Little did they know that a dive aiming to improve the sharks' habitat in Fiordland would lead to the terrifying experience and eventually a Discovery Channel special on the mysterious sevengill species.
Not enough is known about this species of shark to establish whether it is endangered.
Although it is smaller than the notorious great white - which grows to around 3m - the aggressive sevengill shark's jaws are filled with rows of razor-sharp teeth.
Scollay said sevengills usually have little human contact in remote areas like Fiordland and expedition members found the more the team dived with them, the more aggressive the sharks became.
So much so, he said, "it seemed as if they were learning to hunt us.
"The freaky thing about being in the water with these guys is how stealthy they are," he said.

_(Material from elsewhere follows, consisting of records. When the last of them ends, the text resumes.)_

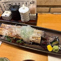お客様のおすすめのお店✨ イカリベンジブログ 槍烏賊姿造り イカいたー!!!! お店の入り口の水槽に泳いでてさっきまで生きてたイカ 透き通ったイカ すだちかけたら動いてた😮! 昨日のブログにも書いたけど 1回このお店に連れてってもらっててお客様おすすめのこのイカがなくてまたリベンジで連れてってもらった! イカなくてもこのお店他のメニューもおいしくて大満足だったからまた連れてってもらえて嬉しいんだけどね😳 ゲソ焼き 残りをゲソ焼きにしてくれるの! どじょうの唐揚げ またどじょう笑 1回目に連れてってもらった時にハマった🥹 2回目連れてってもらった時はおかわりしたもん笑 またこのお店行きたい!! どれもおいしかった🤤 おすすめのおいしいお店も連れてってもらって嬉しい限り!! ご飯もお酒もご馳走様!! たくさん食べて飲んで楽しかった! いつもわたしと一緒に飲んでくれてありがとう!!
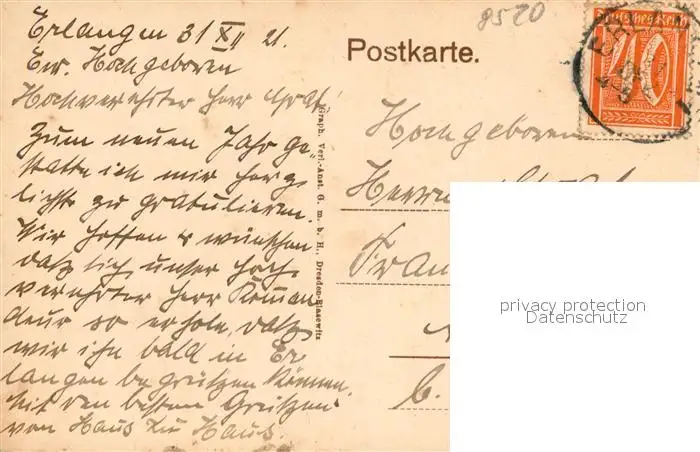 Erlangen Luitpoldstrasse Erlangen postalisch gelaufen 1921 Erhaltung siehe scans [KathaD81] Kathoren
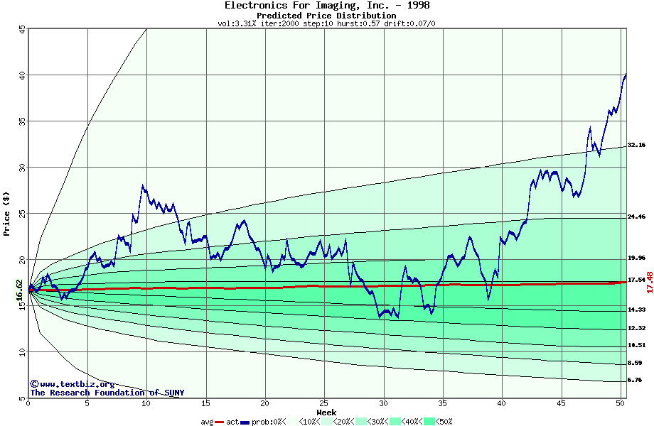 The following graph plots the year-to-date performance of the stock for 1998 compared to the probability calculated by a random walk model.
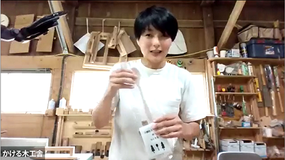 「かける木工舎」からは、家具職人の東村英司さん、當房こず枝さんが登場し、職人さんが直接教える、小国杉を使ったスプーン作りのワークショップを実施しました。
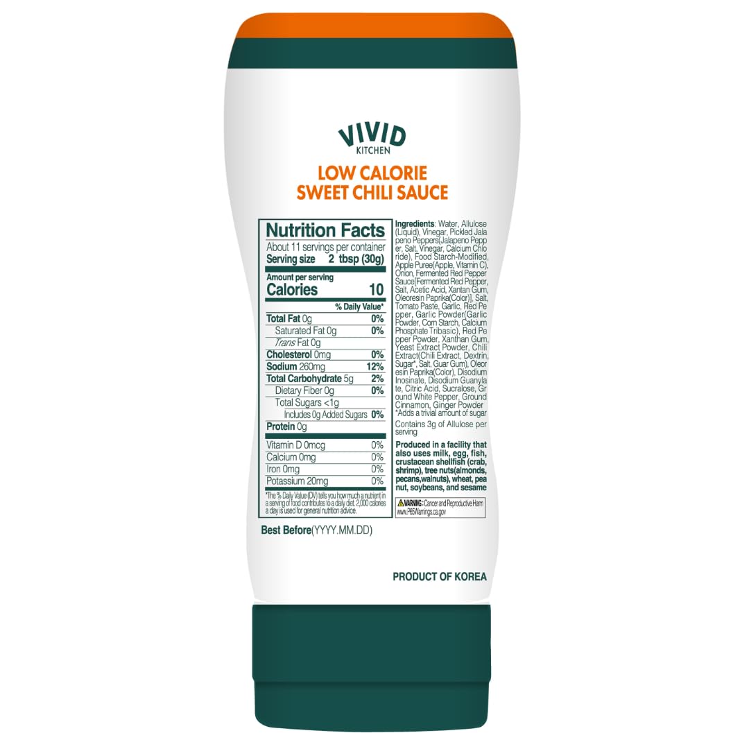 About this item Sweet Meets Spicy Perfection – A balanced sweet chili flavor with a mild heat, ideal for dipping, stir-fry, glazing, or drizzling over rice and noodles. Low Sugar, Just 10 Calories – Sweetened with allulose, this sauce offers the same delicious flavor with less sugar and only 10 calories per serving. No Preservatives or MSG – Crafted with clean, natural ingredients, free from artificial preservatives and MSG. Easy-Squeeze, No-Mess Bottle – Each 11.33 oz bottle is designed for quick, clean, and convenient use in the kitchen or on the go. Versatile Everyday Staple – Adds a flavorful kick to meats, spring rolls, dumplings, grilled veggies, and more—perfect for elevating everyday meals. Sweet Chili Sauce: A perfect balance of sweet and spicy, this sauce is ideal for dipping, glazing meats, or adding to stir-fries for an extra kick of flavor. See more product details,Sweet Meets Spicy Perfection – A balanced sweet chili flavor with a mild heat, ideal for dipping, stir-fry, glazing, or drizzling over rice and noodles,Low Sugar, Just 10 Calories – Sweetened with allulose, this sauce offers the same delicious flavor with less sugar and only 10 calories per serving,No Preservatives or MSG – Crafted with clean, natural ingredients, free from artificial preservatives and MSG,Easy-Squeeze, No-Mess Bottle – Each 11.33 oz bottle is designed for quick, clean, and convenient use in the kitchen or on the go,Versatile Everyday Staple – Adds a flavorful kick to meats, spring rolls, dumplings, grilled veggies, and more—perfect for elevating everyday meals,Sweet Chili Sauce: A perfect balance of sweet and spicy, this sauce is ideal for dipping, glazing meats, or adding to stir-fries for an extra kick of flavor
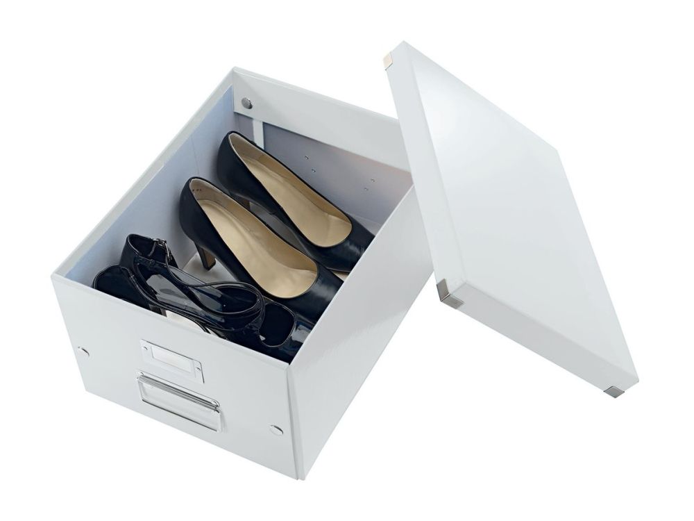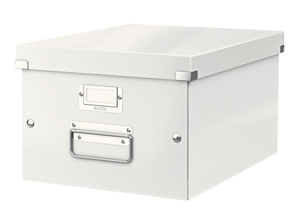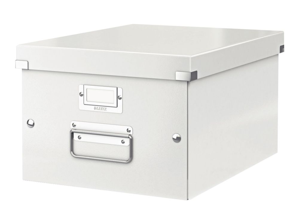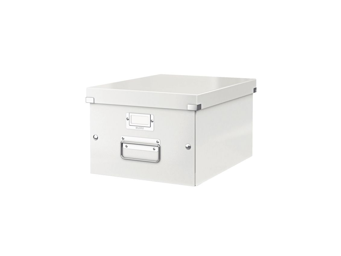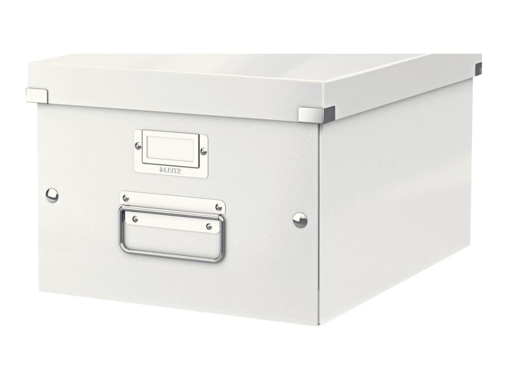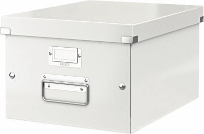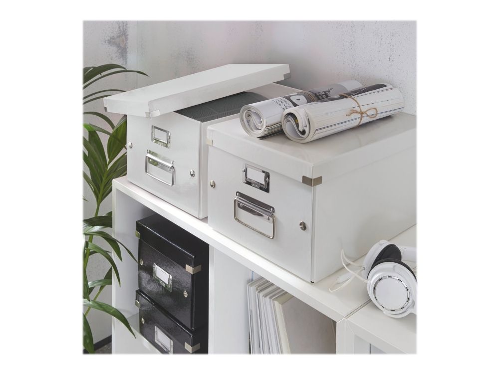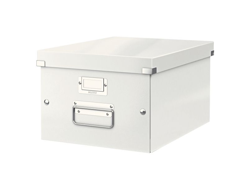 Universal medium storage and transportation box for A4 documents with a laminated surface and metal corner elements for robust protection. Sturdy metal handles make for easy transportation and a label holder simplifies indexing. Collapsible for space-saving storage when not in use. This contemporary design looks great in any office.
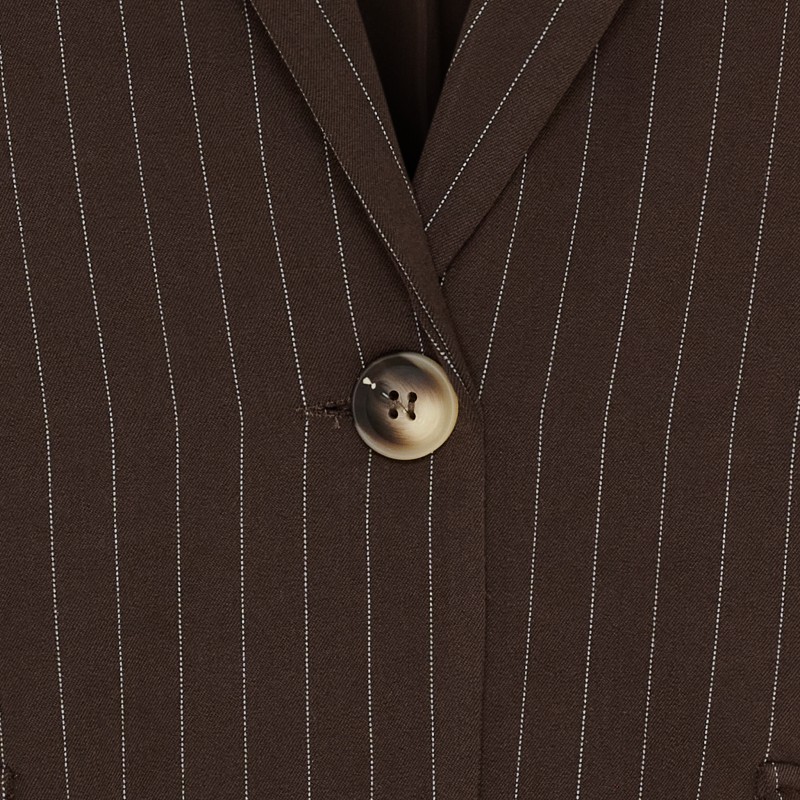 Lækker mørkebrun blazer jakke fra Marta du château med smalle hvide striber.
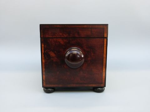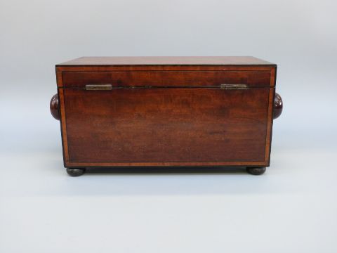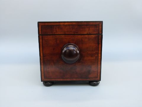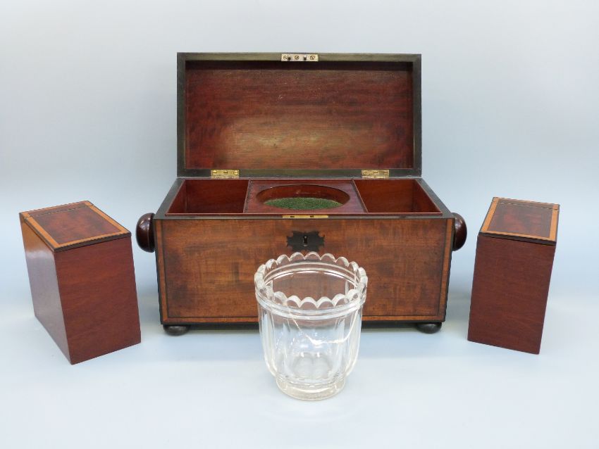 An early 19thC mahogany tea caddy of rectangular form with inlaid ebony detail, raised on bun feet, with fitted interior with two caddies and glass mixing bowl, H18 x W42cm

"You don't know where they're going to come from next.
"Imagine being on the bottom of the ocean at night. It's pitch black. You're completely cut off from the rest of the world and there is a pack of sharks stalking you."
In 2009 Hastings nurse Greg Sims, 49, had a chunk of his leg ripped out by what was thought to be a sevengill and three Invercargill teenagers were attacked in the surf in 1999.
In that attack the fish bit 13-year-old Jenny McDowell's arm to the bone. It also bit Genna Hayward, 13, and Tim Wild, who suffered six puncture wounds.
Last year, Invercargill doctor James Grant was bitten by what was believed to be a sevengill shark.
The quick-thinking doctor fought off the shark, before stitching up a wound to his leg.
* Sharks of the Shadowland screens on December 10 at 8.30pm on Discovery Channel.